The listed countries look at the essence of taxing corporate profit from very different angles. There is an over 22 percentage points difference between the lowest and highest tax rate: Germany (31%) and Hungary (9%), with corporate tax rates typically ranging between 15-20%. Only one country has reduced the profit tax (Greece, from 24% to 22%), but it should be noted that Austria also plans to gradually lower corporate taxes from next year.
The European Union is also making a conscious effort to put brakes on the tax race by drafting a common corporate taxation framework in the member states and preventing the use of the most harmful tax avoidance techniques. An essential tool in this effort is the Anti-Tax Avoidance Directive (ATAD) which has been mandatory for the Member States since January 1, 2019. The biggest challenge in recent years for member states has been the adoption of EU regulations, including restrictions on interest deductions.
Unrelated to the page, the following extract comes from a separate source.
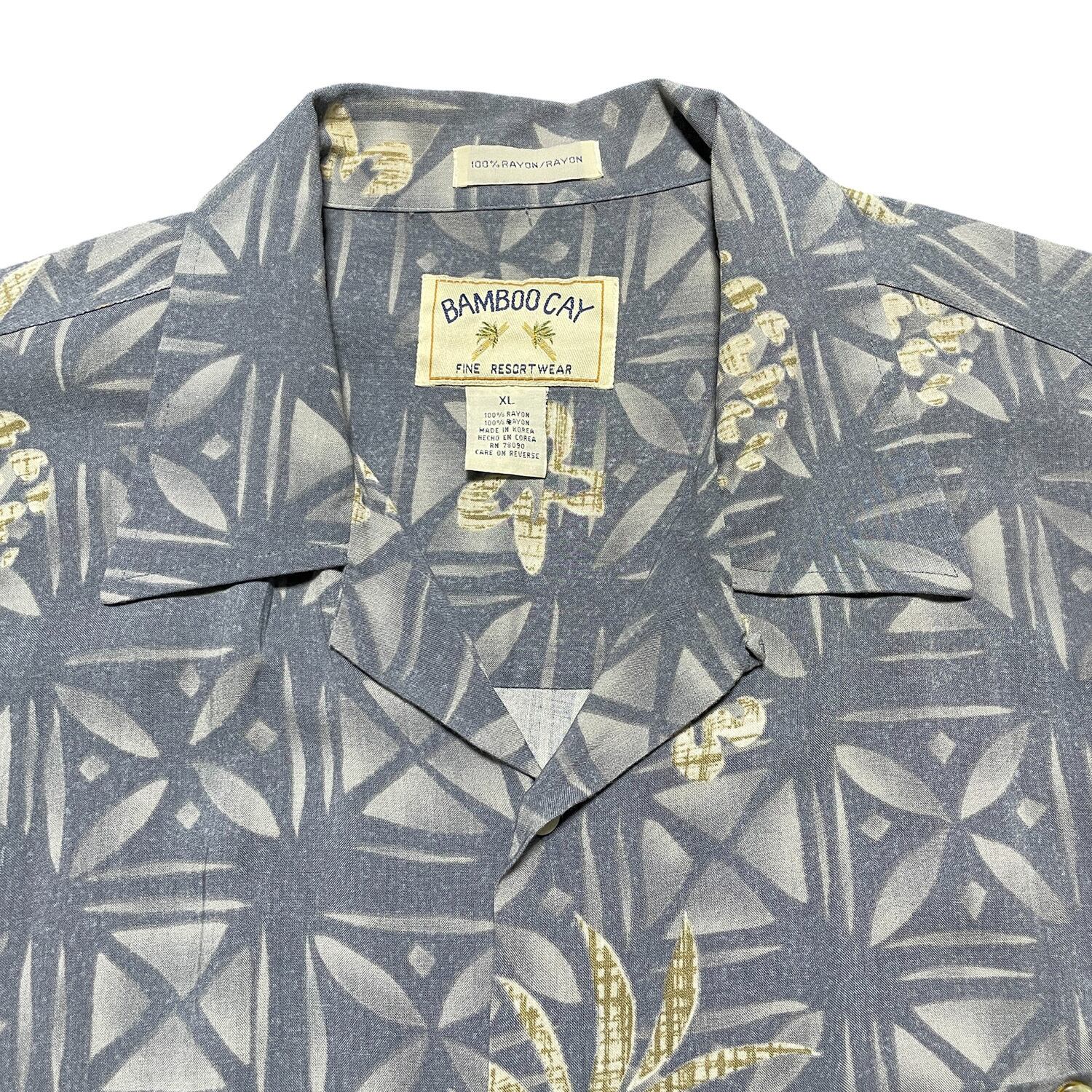 USA 古着 Bamboo Cay バンブーケイ レーヨン 開襟 アロハシャツ ハワイアンシャツ パイナップル柄 メンズXL ブルーグレー系 BF3042

In all EU member states in the region, the previous rules on thin capitalization were increasingly replaced or supplemented by the method tied to the EBITDA-based calculation under the ATAD. The standardization of offshore (controlled foreign corporation, CFC) rules can also be traced back to the ATAD.
CEE countries that apply traditional corporate taxation invariably allow losses incurred in earlier years to be carried forward and offset against a positive tax base in a later year. Still, only five countries allow unrestricted loss carry-forward. The counties also readily apply withholding tax on interest, dividend, and royalty revenues (at a rate of 15%, or even 19-20%), excluding Latvia and Hungary, which still do not impose withholding tax on capital gains. Group corporate taxation is now available in Germany and Hungary; previously, it was only available in Austria, Poland, Bosnia and Herzegovina.
Mazars finds that the biggest challenge regarding transfer pricing in the past year was reacting to the impact of the pandemic. The emerging new crisis upset the reasonably expected profit levels, and multinational corporations had to intervene in their pricing structures. It is still a question how much the tax authorities will scrutinize the Covid hit tax base levels that will fall significantly below those of the pre-pandemic years.
The OECD’s BEPS (“Base Erosion and Profit Shifting”) initiative drew attention to the fact that tax authorities need to concentrate more on possible cross-border transactions within corporate groups. By 2022, following the introduction of documentation obligations for large taxpayers in Montenegro, transfer pricing regulations have been in effect in all CEE countries but Moldova. In addition, taxpayers operating in the CEE region also had to participate actively in the CBC reporting system. The OECD’s “country-by-country reporting” (CbCR) aims to improve transparency by making the information needed to assess tax risks available to local tax authorities.
In corporate taxation, the decision by the OECD and the G20 to introduce a global minimum tax forecasts significant changes. The proposal aspires to impose a 15% minimum tax rate on large multinational companies from 2023. Though there may be twists and turns, it is clear that there will be less and less opportunity for multinational companies to lower taxes by shifting profits and eroding their tax base.